我在这里简化了一个数据帧,它有3列。
| id | channels | facebookCount |
|:---- |:------:| -----:|
| 0 | {'channel': 'Google', 'count': 0.0} | 3 |
| 1 | {'channel': 'Google', 'count': 4.0} | 0 |
| 2 | {'channel': 'Google', 'count': 3.0} | 6 |
channels列是类似于facebookCount的简单计数列。然而,我使用apply和lambda将其转换为字典:
data_df["channels"] = data_df["googleCount"].apply(
lambda x: {} if x is None else {"channel": "Google", "count": x})
我如何构建频道列,使其既有脸书和谷歌的数据,这样我就有了一个包含2个字典的列表,如下所示:
| id | channels |
|:---- |:------:|
| 0 | [{'channel': 'Google', 'count': 0.0}, {'channel': 'Facebook', 'count': 3.0}] |
| 1 | [{'channel': 'Google', 'count': 4.0}, {'channel': 'Facebook', 'count': 0.0}] |
| 2 | [{'channel': 'Google', 'count': 3.0}, {'channel': 'Facebook', 'count': 6.0}] |
我尝试过创建两个字典,然后设置通道,创建一个字典,再使用apply和lambda以及等辅助函数合并2
dict1 = data_df["30DayGoogleCampaignCount"].apply(
lambda x: {"channel": "Google", "count": x})

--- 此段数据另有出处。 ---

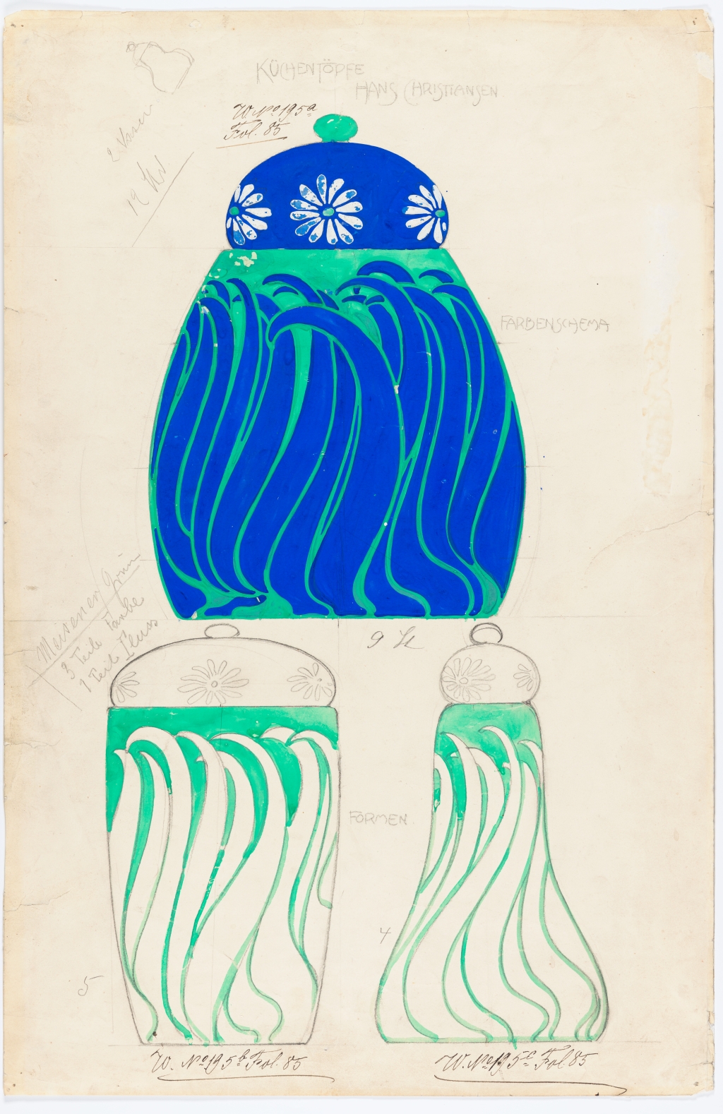 Hans Christiansen, Entwurf für 3 Deckelvasen mit Margeritendekor und blauen Blättern auf grünem Fond, 1901, Institut Mathildenhöhe, Städtische Kunstsammlung Darmstadt, Dauerleihgabe der Sparkassen-Kulturstiftung Hessen-Thüringen, Frankfurt am Main, Foto: Gregor Schuster

data_df["paidMediaChannels"] = data_df["30DayFacebookCampaignCount"].apply(
lambda x: self.Merge(dict1, {"channel": "facebook", "count": x}))
def Merge(self, dict1, dict2):
return(dict2.update(dict1))
尝试以下操作:
import pandas as pd
df = pd.DataFrame({'id': [0, 1, 2],
'channels': [{'channel': 'Google', 'count': 0.0},
{'channel': 'Google', 'count': 4.0},
{'channel': 'Google', 'count': 3.0}],
'facebookCount': [3, 0, 6]})
# Create List
df['channels'] = df.apply(
lambda x: [x['channels'],
{'channel': 'Facebook',
'count': x['facebookCount']}],
axis=1
)
# Drop facebookCount Column
df = df.drop(columns='facebookCount')
print(df.to_string())
df:
id channels
0 0 [{'channel': 'Google', 'count': 0.0}, {'channel': 'Facebook', 'count': 3}]
1 1 [{'channel': 'Google', 'count': 4.0}, {'channel': 'Facebook', 'count': 0}]
2 2 [{'channel': 'Google', 'count': 3.0}, {'channel': 'Facebook', 'count': 6}]